■ **What is needed**
Starting at the line that contains "- FULL OUTER" and stopping after the line that contains "くるくるパーマの髪と大きなく", transcribe the listing below exactly; do not include any pictures.

■ **Information given**

^^^^^^^^^^^^^^^^

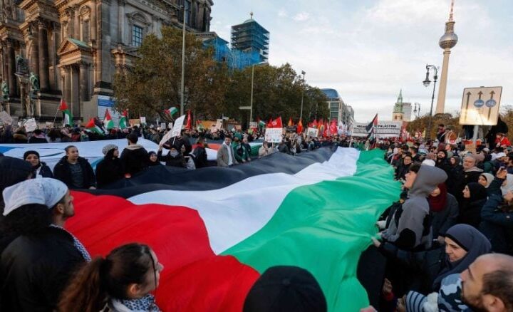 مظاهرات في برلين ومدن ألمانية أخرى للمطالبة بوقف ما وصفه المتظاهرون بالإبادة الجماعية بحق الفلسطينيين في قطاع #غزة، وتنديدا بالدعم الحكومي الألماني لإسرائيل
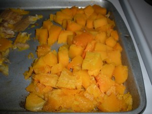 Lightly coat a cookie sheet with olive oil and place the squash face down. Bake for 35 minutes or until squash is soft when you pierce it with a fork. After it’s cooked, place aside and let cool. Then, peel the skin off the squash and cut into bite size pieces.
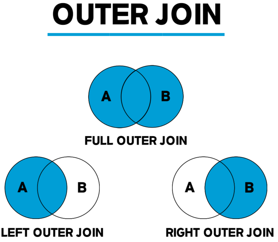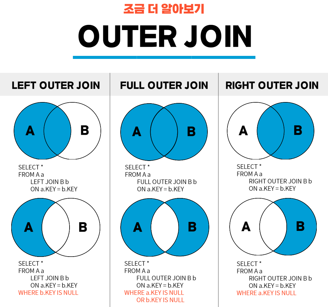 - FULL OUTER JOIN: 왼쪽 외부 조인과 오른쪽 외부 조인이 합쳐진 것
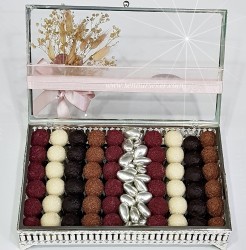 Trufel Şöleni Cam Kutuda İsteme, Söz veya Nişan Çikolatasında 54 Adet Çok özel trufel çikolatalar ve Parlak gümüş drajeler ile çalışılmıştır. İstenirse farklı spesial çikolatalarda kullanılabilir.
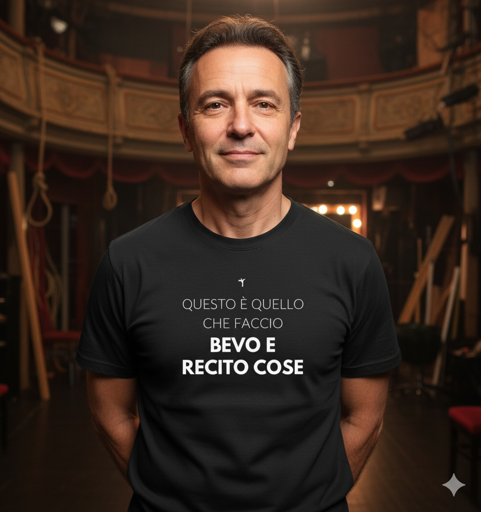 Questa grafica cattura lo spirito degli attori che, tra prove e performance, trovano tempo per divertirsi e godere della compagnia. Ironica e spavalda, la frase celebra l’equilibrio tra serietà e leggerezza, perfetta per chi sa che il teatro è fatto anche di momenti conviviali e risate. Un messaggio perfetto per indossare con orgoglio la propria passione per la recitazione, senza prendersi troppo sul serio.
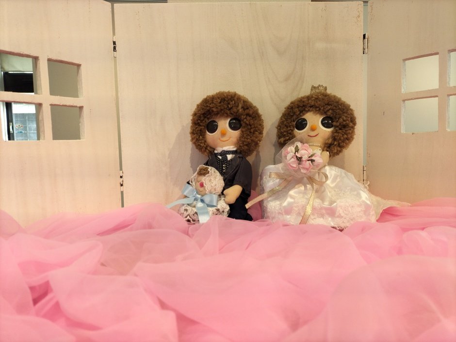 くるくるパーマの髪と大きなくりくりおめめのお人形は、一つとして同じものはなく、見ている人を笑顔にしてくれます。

^^^^^^^^^^^^^^^^

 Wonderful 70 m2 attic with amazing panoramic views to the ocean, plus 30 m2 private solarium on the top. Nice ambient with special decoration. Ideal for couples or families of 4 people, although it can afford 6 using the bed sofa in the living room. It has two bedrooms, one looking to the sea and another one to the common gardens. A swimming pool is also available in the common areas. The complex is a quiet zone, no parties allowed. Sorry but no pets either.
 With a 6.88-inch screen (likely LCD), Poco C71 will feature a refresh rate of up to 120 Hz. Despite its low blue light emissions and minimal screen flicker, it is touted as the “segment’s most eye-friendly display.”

^^^^^^^^^^^^^^^^

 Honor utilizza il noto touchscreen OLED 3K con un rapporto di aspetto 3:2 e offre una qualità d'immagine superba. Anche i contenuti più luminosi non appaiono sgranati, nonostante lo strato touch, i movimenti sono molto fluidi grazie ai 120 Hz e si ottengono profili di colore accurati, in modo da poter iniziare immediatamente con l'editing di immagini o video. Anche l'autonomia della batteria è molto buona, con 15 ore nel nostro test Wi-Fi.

^^^^^^^^^^^^^^^^

■ **Written solution**
 - FULL OUTER JOIN: 왼쪽 외부 조인과 오른쪽 외부 조인이 합쳐진 것
 Trufel Şöleni Cam Kutuda İsteme, Söz veya Nişan Çikolatasında 54 Adet Çok özel trufel çikolatalar ve Parlak gümüş drajeler ile çalışılmıştır. İstenirse farklı spesial çikolatalarda kullanılabilir.
 Questa grafica cattura lo spirito degli attori che, tra prove e performance, trovano tempo per divertirsi e godere della compagnia. Ironica e spavalda, la frase celebra l’equilibrio tra serietà e leggerezza, perfetta per chi sa che il teatro è fatto anche di momenti conviviali e risate. Un messaggio perfetto per indossare con orgoglio la propria passione per la recitazione, senza prendersi troppo sul serio.
 くるくるパーマの髪と大きなくりくりおめめのお人形は、一つとして同じものはなく、見ている人を笑顔にしてくれます。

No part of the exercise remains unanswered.